Figura 10 - Atividade presencial da turma de ciência campus Vitória elaboradas por 3 alunas

Figura 11 - Continuação da atividade presencial da turma de ciência campus Vitória

Fonte: Arquivos da pesquisadora (2014)

A narrativa do texto (figura 10) produzido por um grupo de três cursistas descreve o cotidiano de um aluno da EJA, suas dificuldades para frequentar a escola, que traz como consequência hábitos alimentares pouco saudáveis. Os questionamentos referentes à narrativa são pertinentes e tem potencial para conduzir o debate para o mundo da vida, apesar de enfatizar o conteúdo específico de Ciências em quatro das seis perguntas elaboradas pelos cursistas. Os dois últimos questionamentos buscam relacionar a alimentação às questões de condição social e modalidade de produção de alimentos (agricultura orgânica) como elemento econômico e social. Na análise, reafirma-se o que foi constatado durante outros episódios no percurso da pesquisa, o conteúdo científico como ponto de partida e destaque. É importante considerar na tarefa analisada as questões sociocientíficas do texto narrativo e dar mais ênfase nas duas últimas questões de discussão.

A aprendizagem na concepção Habermasiana aplicada à educação viabiliza a construção do pensamento crítico, socialização e constituição consciente do conhecimento com bases históricas, sociológicas e culturais representativas das intersubjetividades das pessoas. A prevalência da racionalidade técnico-instrumental é preconizada desde a formação de inicial dos professores e se estende para os demais níveis e modalidades de ensino. Esta instrumentalização teórica, puramente conceitual, determina quais conhecimentos e valores os sujeitos têm acesso, gerando a instrumentalização da vida social, trazendo como consequência o poder e a ideologia do sistema capitalista neoliberal para definir os rumos da educação em detrimento da constituição e das representações do mundo da vida, da cultura e da história das pessoas.

As vivências dos sujeitos no mundo da vida dão origem às experiências a serem discutidas para gerar conhecimento por meio da reflexão e da aprendizagem social para mudanças orgânicas no sistema econômico e político a favor das classes populares.

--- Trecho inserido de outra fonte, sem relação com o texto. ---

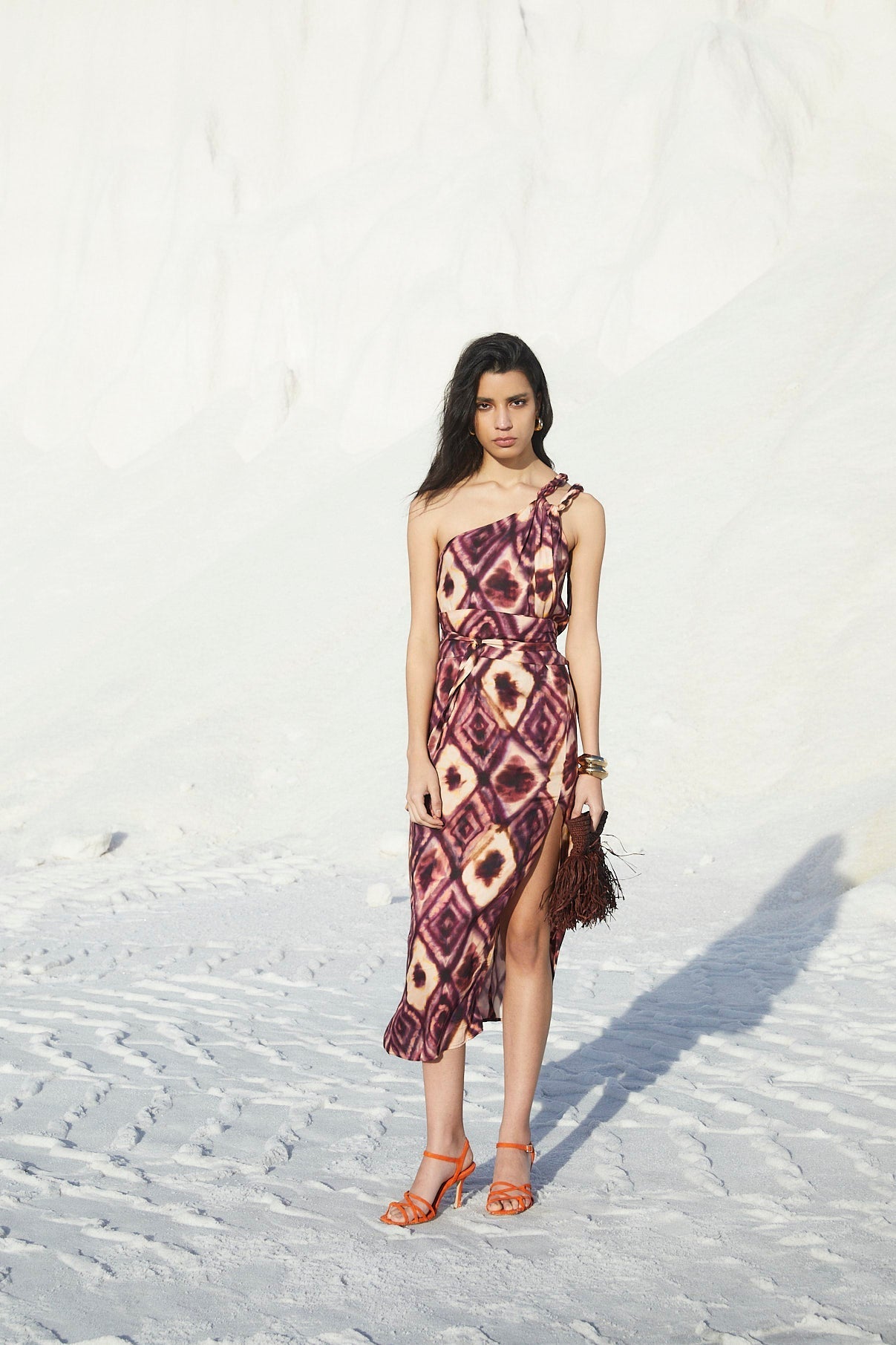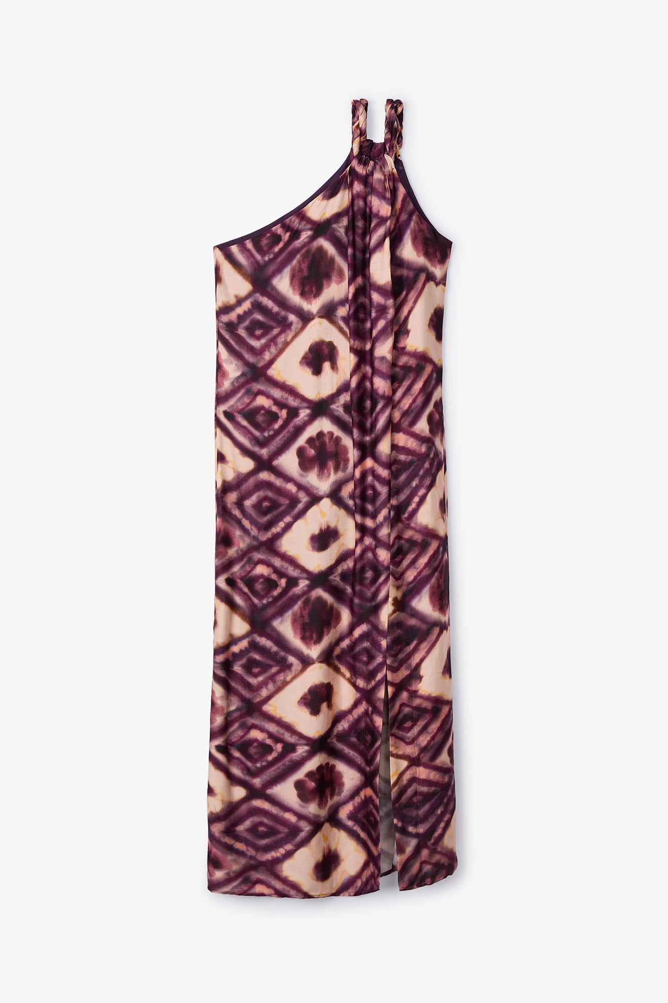 El vestido Paola, con corte midi y un tejido fluido. Tiras trenzadas en solo un hombro creando un cuello asimétrico. Sin mangas. Abertura lateral. Cierre en el lateral con cremallera invisible.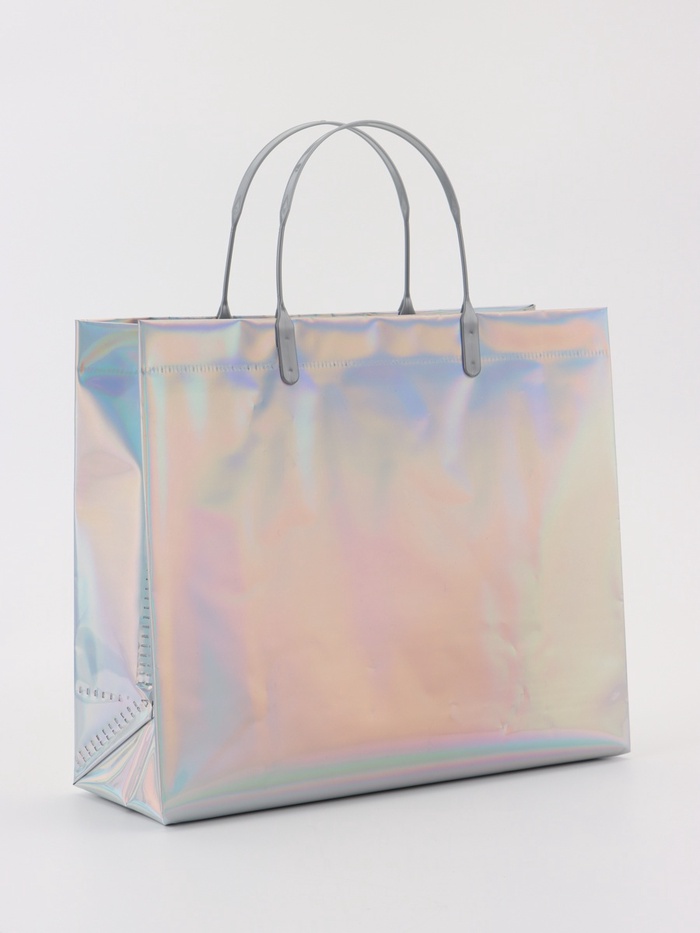Пакет подарочный ПВХ, голография, серебро, пластикова ручка, 32×28×11 см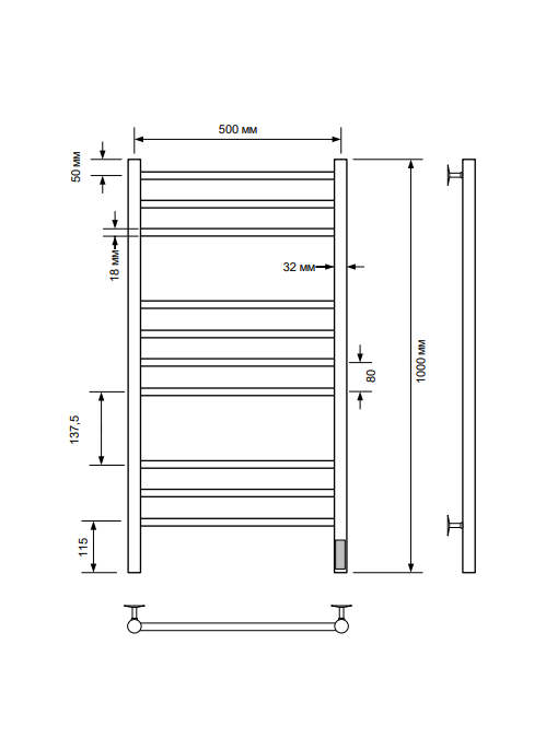 Полотенцесушитель электрический с/т Comfysan Luce EC-10 100/50, MAT GOLD RAL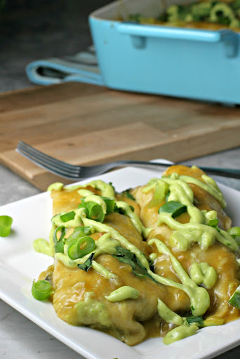 Place a scoop of sautéed kale/sweet potato/black bean mixture into the center of a corn tortilla. Roll up and transfer to cooking dish. Repeat until all 8 enchiladas are stuffed.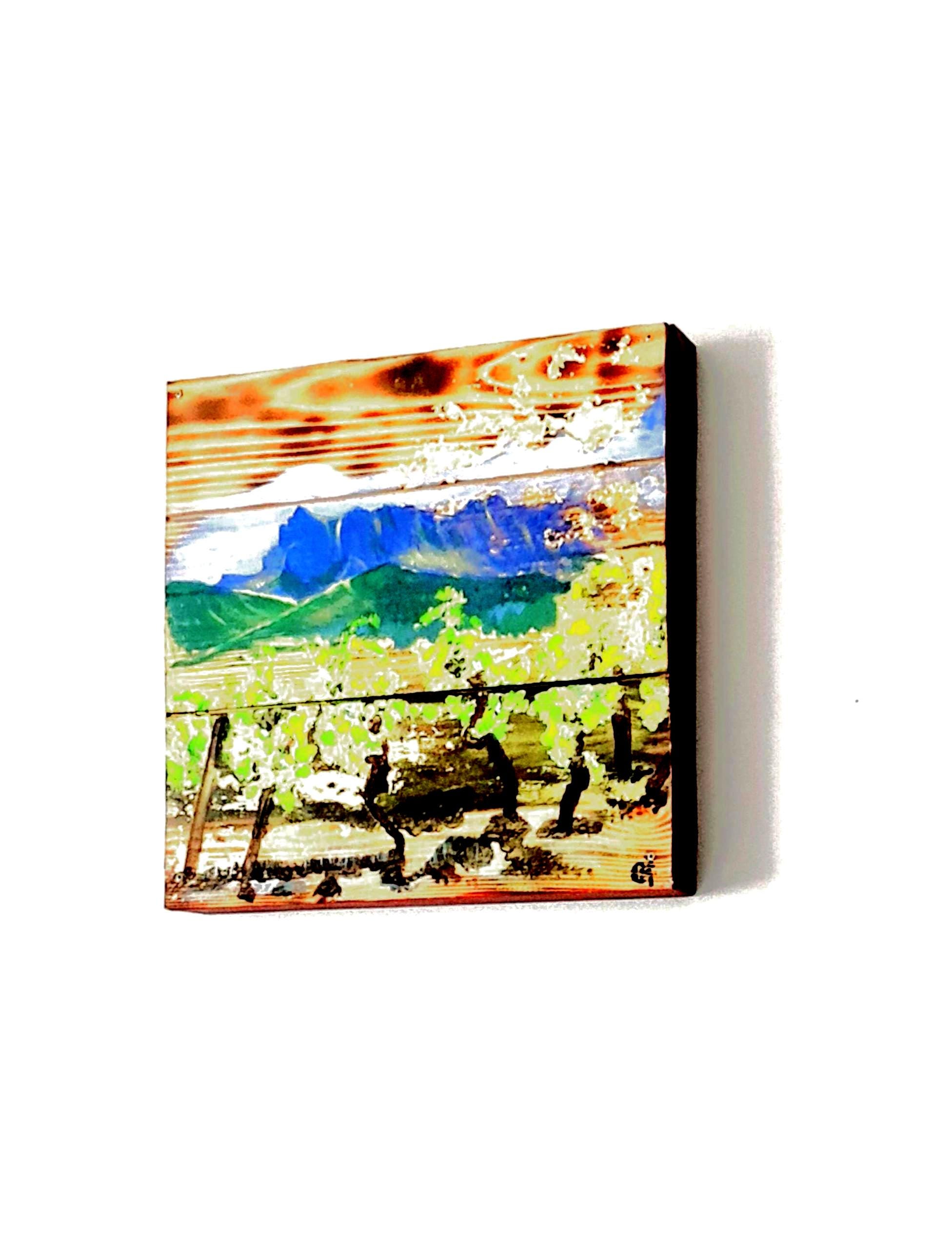Square wooden table, painting on the vine painted in acrylic on the wood, decorated with gold leaf to give a shiny and luminous side. Painting of vines with vine leaves and bunches of grapes. Painting on wood, original painting of beautiful mountains of France painted on burnt wood to give a rustic and modern effect at the same time. Painting of beautiful landscapes, beautiful mountains of France like "Les trois becs". Ideal gift for lovers of the landscapes of France. Natural and original decoration. Gift for a party, a birthday or to decorate its interior. Wall painting with vines, ideal for wall decoration. The edges of the table are wide and painted in brown, the wide edges of the table give volume to the table.

O sistema sobrepõe-se ao mundo da vida reafirmando as práticas educacionais descoladas da realidade vivenciada, a formação tecnicista é preponderante a formação política, crítica e emancipatória. A hegemonia do sistema capitalista e econômico conduz o processo por meio da instrumentalização do pensamento das pessoas. O negócio e o lucro prevalecem sobre o processo reflexivo e comunicativo da aprendizagem, dificultando e até inviabilizando os processos de construção social do conhecimento.